Your copy should match the listing below word for word, with no images in it.

***** Data extract

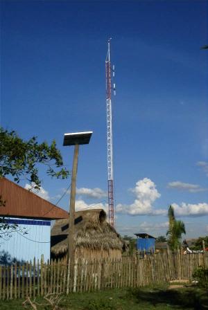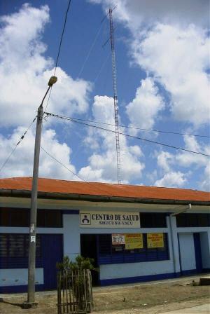 En zonas como Alto Amazonas, con establecimientos separados decenas de kilómetros, sin teléfono, la infraestructura más sencilla y usada para comunicar los puestos de salud con su centro de salud es la radio VHF, ya que su alcance puede ser del orden de 50 Km, limitado por la potencia de transmisión y la altura de las antenas, que deberán compensar la curvatura de la tierra y salvar los obstáculos, aunque tiene bastante tolerancia a los mismos. Se eligen pues en estos casos radios VHF convencionales que se utilizan normalmente para voz, pero que, intermitentemente, pasan a intercambiar datos entre un ordenador cliente en el puesto de salud y un servidor situado en su centro de salud de referencia. Una instalación solar en el puesto de salud alimenta la radio y el ordenador cliente, así como otros aparatos auxiliares (modem radio, luminarias, etc). Los centros de salud disponen de un cargador de baterías para alimentar el servidor las horas necesarias, aunque el grupo electrógeno esté apagado, ya que sólo se enciende a la puesta del sol, durante unas cuatro horas. El servidor a su vez se comunica intermitentemente con internet a través del teléfono o, en algunos casos, a través de un terminal VSAT. En las fotos siguientes se ven las antenas de VHF de un centro de salud y un puesto de salud, éste con su placa solar.
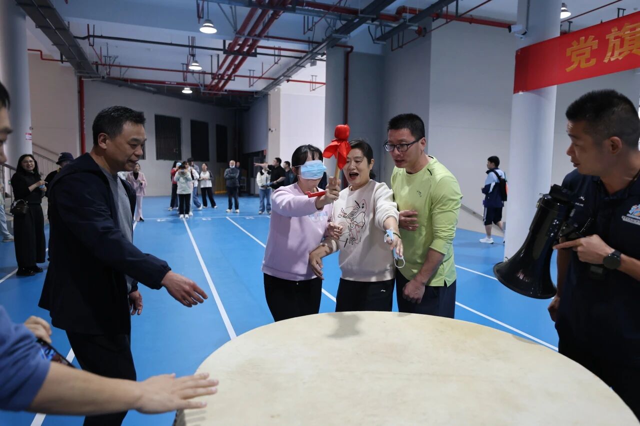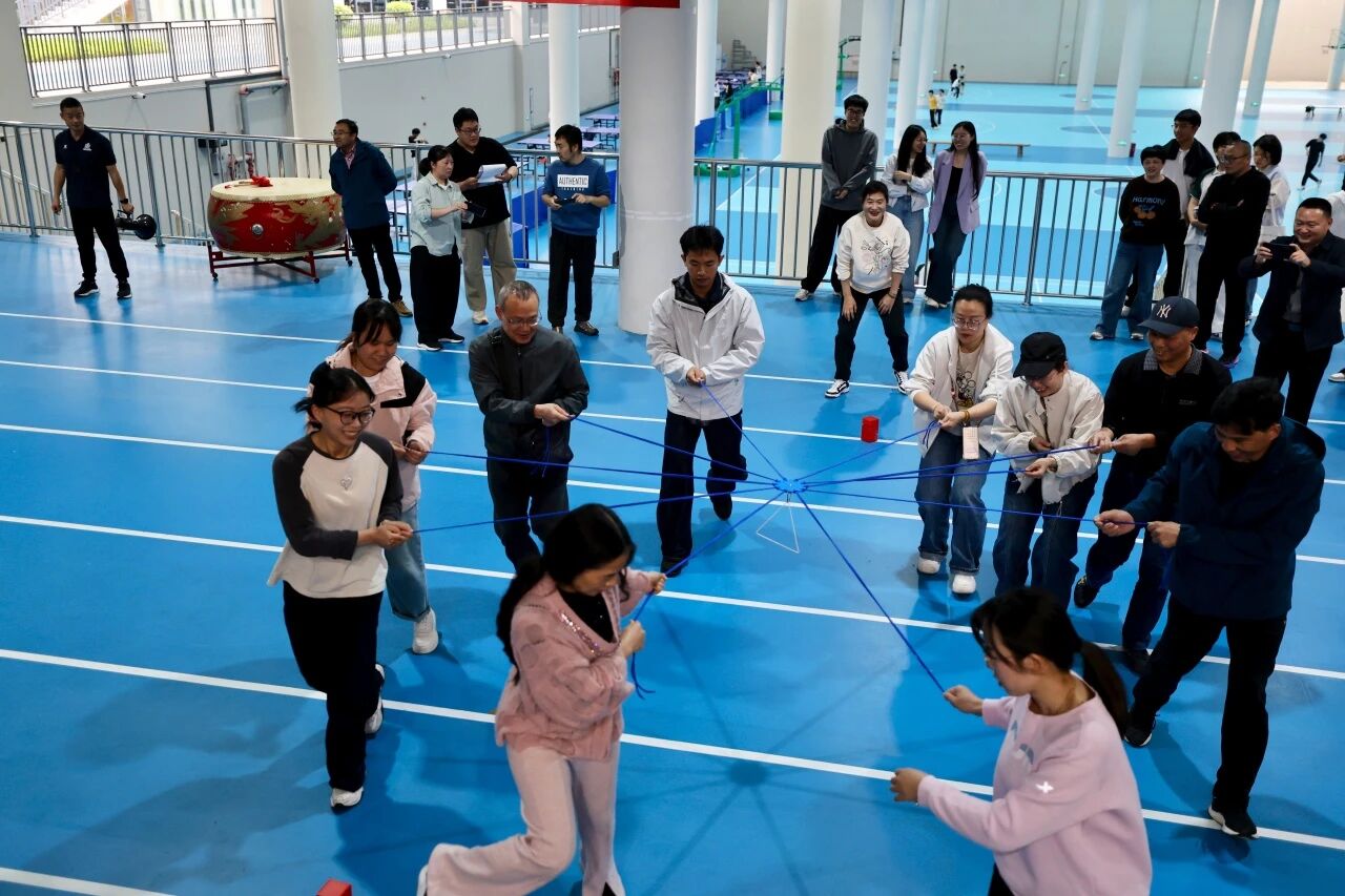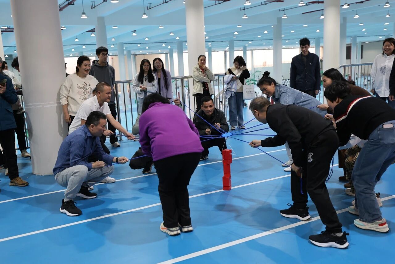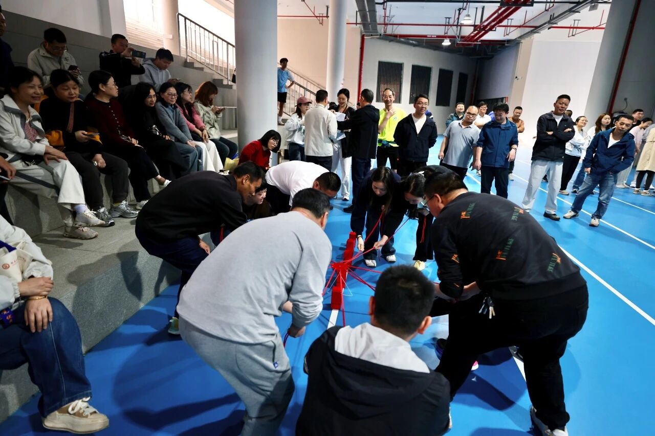 蒙眼打鼓环节,参赛队员听从指令、沉着出发,在队友的鼓励与引导下精准击鼓,接力传递中尽显默契;合力筑塔项目里,大家同心牵拉绳索、精准控制积木,齐心协力搭建起稳固的“高塔”,充分展现了团结协作、奋勇争先的团队精神。赛场内外欢声笑语不断,加油声、喝彩声此起彼伏,洋溢着轻松和谐的节日氛围。
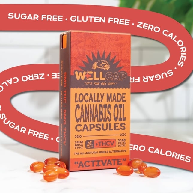 WELLCAP Activate gel caps are perfect for starting your day, or great before a workout. The addition of THCV helps to retain focus, increase energy, and overall uplift. This package contains 20 Activate gel capsules. 20pk/ 5mg THC:5mg THCV per piece All WELLCAP gel capsules are SUGAR-FREE, GLUTEN-FREE and ZERO CALORIES, making them a great alternative to traditional edibles. The blister packaging ensures precise and convenient on-the-go dosing. Do not chew. Visit wellcap.me for more information.

**********

:: Answer area ::
 En zonas como Alto Amazonas, con establecimientos separados decenas de kilómetros, sin teléfono, la infraestructura más sencilla y usada para comunicar los puestos de salud con su centro de salud es la radio VHF, ya que su alcance puede ser del orden de 50 Km, limitado por la potencia de transmisión y la altura de las antenas, que deberán compensar la curvatura de la tierra y salvar los obstáculos, aunque tiene bastante tolerancia a los mismos. Se eligen pues en estos casos radios VHF convencionales que se utilizan normalmente para voz, pero que, intermitentemente, pasan a intercambiar datos entre un ordenador cliente en el puesto de salud y un servidor situado en su centro de salud de referencia. Una instalación solar en el puesto de salud alimenta la radio y el ordenador cliente, así como otros aparatos auxiliares (modem radio, luminarias, etc). Los centros de salud disponen de un cargador de baterías para alimentar el servidor las horas necesarias, aunque el grupo electrógeno esté apagado, ya que sólo se enciende a la puesta del sol, durante unas cuatro horas. El servidor a su vez se comunica intermitentemente con internet a través del teléfono o, en algunos casos, a través de un terminal VSAT. En las fotos siguientes se ven las antenas de VHF de un centro de salud y un puesto de salud, éste con su placa solar.
 蒙眼打鼓环节,参赛队员听从指令、沉着出发,在队友的鼓励与引导下精准击鼓,接力传递中尽显默契;合力筑塔项目里,大家同心牵拉绳索、精准控制积木,齐心协力搭建起稳固的“高塔”,充分展现了团结协作、奋勇争先的团队精神。赛场内外欢声笑语不断,加油声、喝彩声此起彼伏,洋溢着轻松和谐的节日氛围。
 WELLCAP Activate gel caps are perfect for starting your day, or great before a workout. The addition of THCV helps to retain focus, increase energy, and overall uplift. This package contains 20 Activate gel capsules. 20pk/ 5mg THC:5mg THCV per piece All WELLCAP gel capsules are SUGAR-FREE, GLUTEN-FREE and ZERO CALORIES, making them a great alternative to traditional edibles. The blister packaging ensures precise and convenient on-the-go dosing. Do not chew. Visit wellcap.me for more information.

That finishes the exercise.